As of the v0.3 release of LangChain, we recommend that LangChain users take advantage of LangGraph persistence to incorporate memory into their LangChain application.

  • Users that rely on RunnableWithMessageHistory or BaseChatMessageHistory do not need to make any changes, but are encouraged to consider using LangGraph for more complex use cases.
  • Users that rely on deprecated memory abstractions from LangChain 0.0.x should follow this guide to upgrade to the new LangGraph persistence feature in LangChain 0.3.x.

Why use LangGraph for memory?​

The main advantages of persistence in LangGraph are:

  • Built-in support for multiple users and conversations, which is a typical requirement for real-world conversational AI applications.
  • Ability to save and resume complex conversations at any point. This helps with:
    • Error recovery
    • Allowing human intervention in AI workflows
    • Exploring different conversation paths ("time travel")
  • Full compatibility with both traditional language models and modern chat models. Early memory implementations in LangChain weren't designed for newer chat model APIs, causing issues with features like tool-calling. LangGraph memory can persist any custom state.
  • Highly customizable, allowing you to fully control how memory works and use different storage backends.

Evolution of memory in LangChain​

The concept of memory has evolved significantly in LangChain since its initial release.

LangChain 0.0.x memory​

Broadly speaking, LangChain 0.0.x memory was used to handle three main use cases:

Use CaseExample
Managing conversation historyKeep only the last n turns of the conversation between the user and the AI.
Extraction of structured informationExtract structured information from the conversation history, such as a list of facts learned about the user.
Composite memory implementationsCombine multiple memory sources, e.g., a list of known facts about the user along with facts learned during a given conversation.

While the LangChain 0.0.x memory abstractions were useful, they were limited in their capabilities and not well suited for real-world conversational AI applications. These memory abstractions lacked built-in support for multi-user, multi-conversation scenarios, which are essential for practical conversational AI systems.

Most of these implementations have been officially deprecated in LangChain 0.3.x in favor of LangGraph persistence.

RunnableWithMessageHistory and BaseChatMessageHistory​

note

Please see How to use BaseChatMessageHistory with LangGraph, if you would like to use BaseChatMessageHistory (with or without RunnableWithMessageHistory) in LangGraph.
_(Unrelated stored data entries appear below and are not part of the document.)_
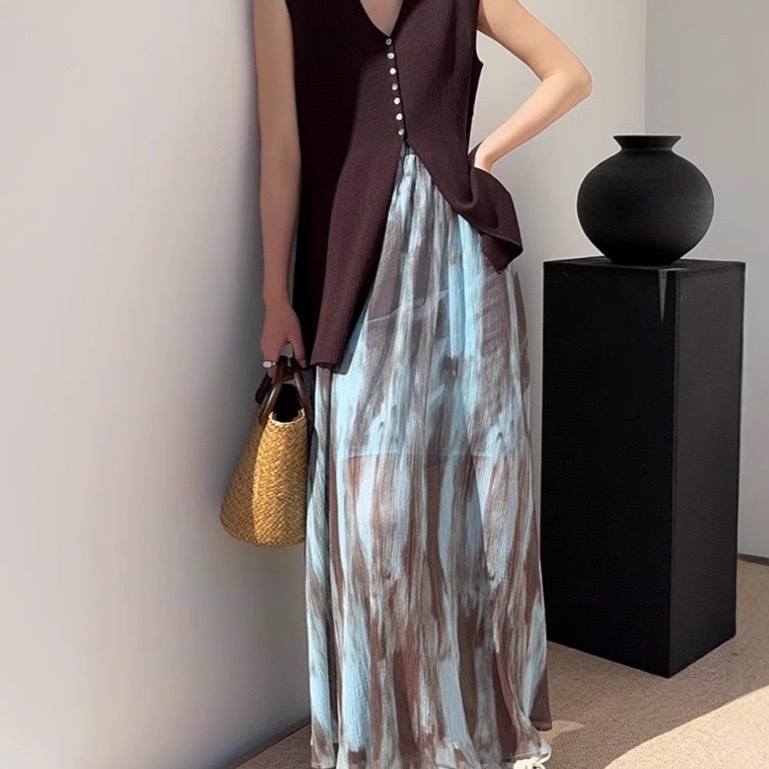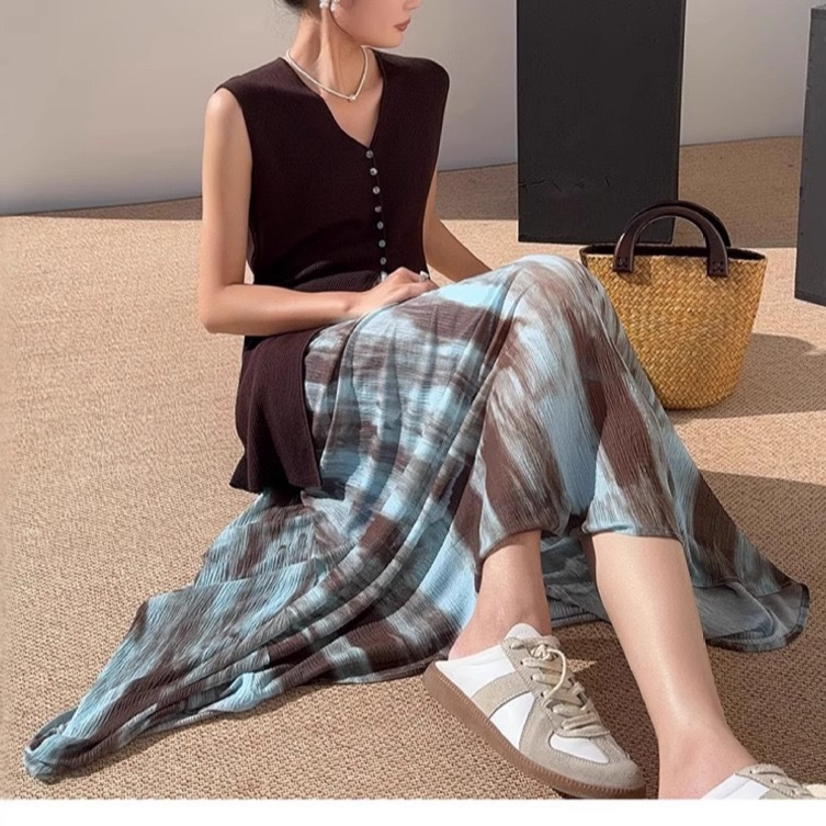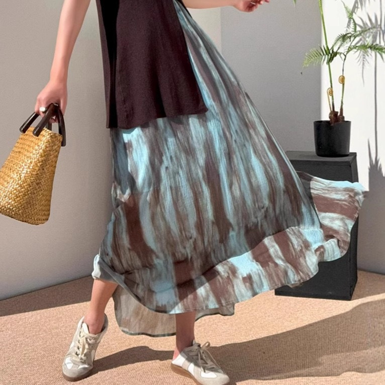 扎染半身裙女2025年夏季新款时尚高级初夏穿搭a字长款小众裙子
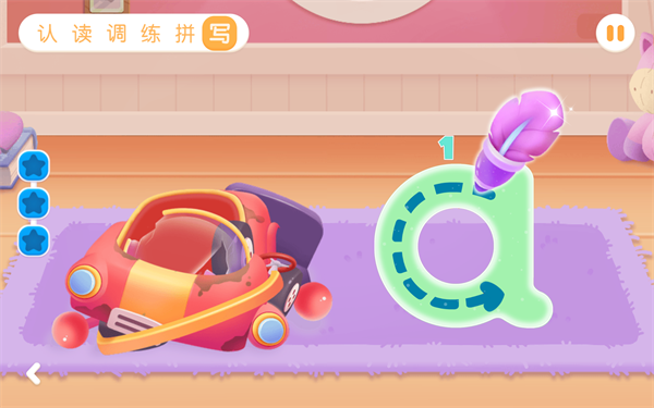 2、主要过程是通过认、读、调、练、拼、写六个步骤,中间穿插着动画和小游戏,很是吸引小朋友的注意。
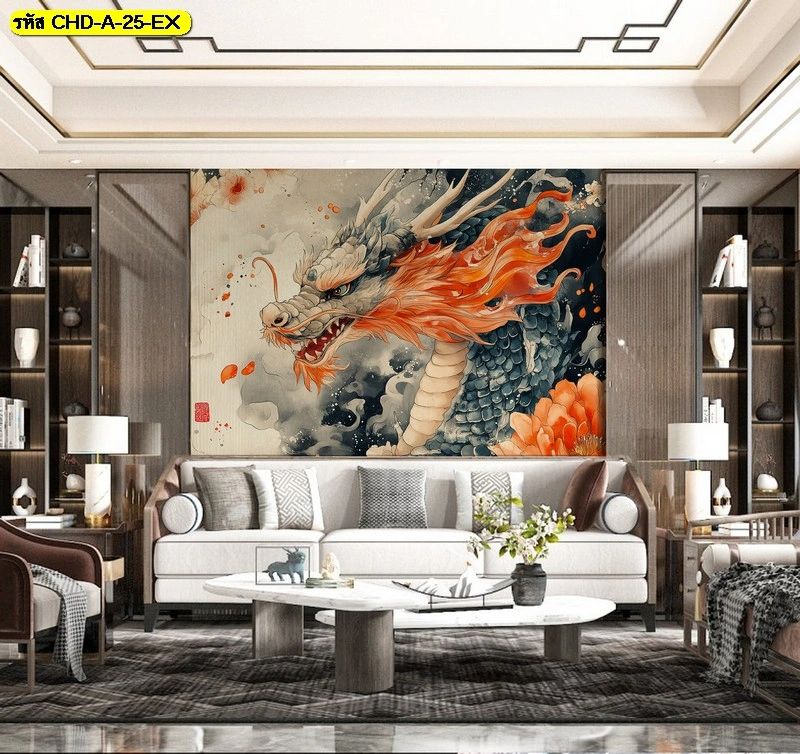 วอลเปเปอร์ลายมังกรเสริมโชคสีสันสดใสตกแต่งผนังหลังโซฟาในห้องนั่งเล่นหรูช่วยเพิ่มพลังบวกและบรรยากาศที่เป็นสิริมงคลภายในบ้าน
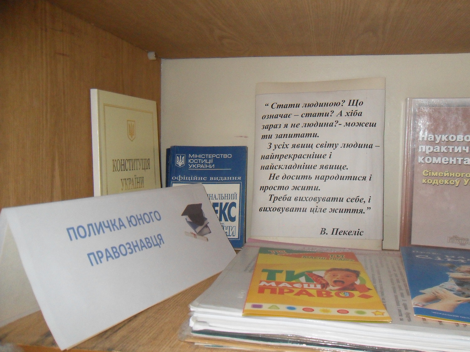 - Створення у бібліотеці ліцею полички юного правознавця (правової літератури для користування учнів) та виставка щодо пропаганди здорового способу життя на тему: «Друг ти собі, чи ворог?» (бібліотекар Марсакова І. В.).
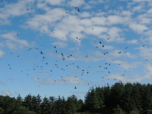 Our next stop was Nant Yrarian, where the local Red Kites are fed. This has two purposes – one to supplement the natural food available in times of shortage and thus maintain a healthy population and secondly as a way of introducing the public to the wildlife around then. It is quite a spectacle and we estimated that at feeding time there were about 150-200 present.
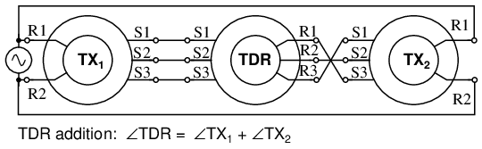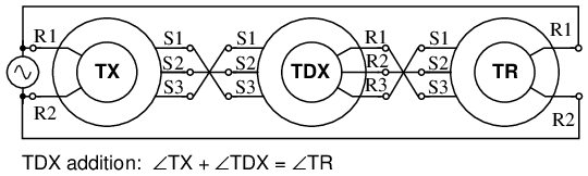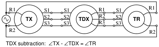 For reference we show the wiring diagrams for subtraction and addition of shaft angles using both TDX's (Torque Differential Transmitter) and TDR's (Torque Differential Receiver). The TDX has a torque angle input on the shaft, an electrical angle input on the three stator connections, and an electrical angle output on the three rotor connections. The TDR has electrical angle inputs on both the stator and rotor. The angle output is a torque on the TDR shaft. The difference between a TDX and a TDR is that the TDX is a torque transmitter and the TDR a torque receiver.
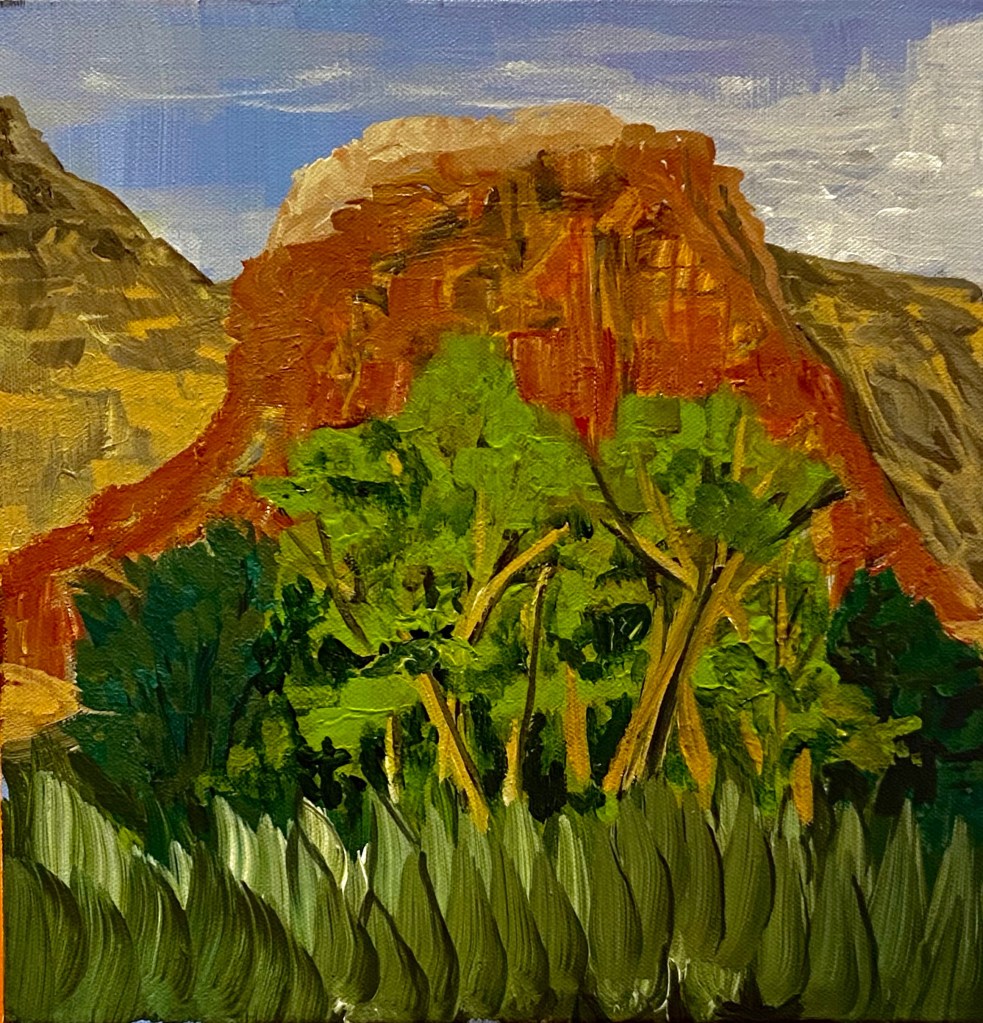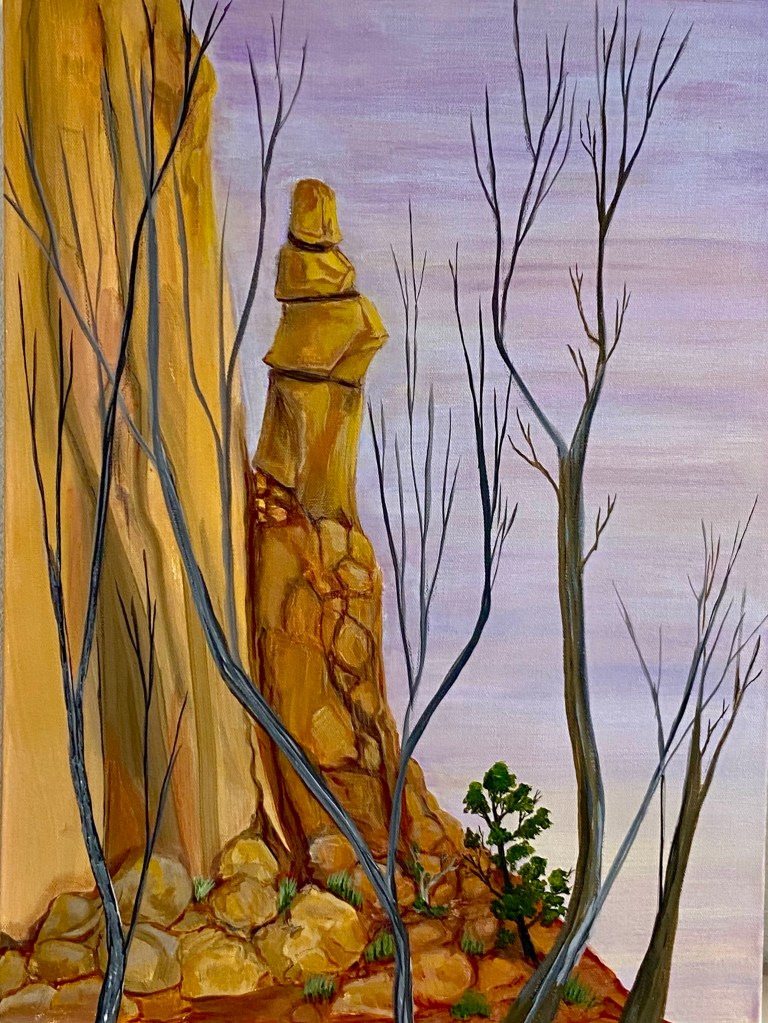 Fascinated by these strange and unbelievable rock formations, I felt compelled to capture this one which faces east as if standing guard. The mysterious, giant, and precariously balanced shapes are so common in these mountains that I could not resist giving them names and painting them as figures. This is the piece I was carrying when I faced off with the bobcat. I had been told that if I ever encountered a wild cat not to run but, to stand my ground and make myself as big as possible. I stood with my straw hat in one hand and this canvas, a finished painting of the violet morning sky, in the other, arms extended and eyes steady on the cat.

As of LangChain v0.1, we started recommending that users rely primarily on BaseChatMessageHistory. BaseChatMessageHistory serves as a simple persistence for storing and retrieving messages in a conversation.

At that time, the only option for orchestrating LangChain chains was via LCEL. To incorporate memory with LCEL, users had to use the RunnableWithMessageHistory interface. While sufficient for basic chat applications, many users found the API unintuitive and challenging to use.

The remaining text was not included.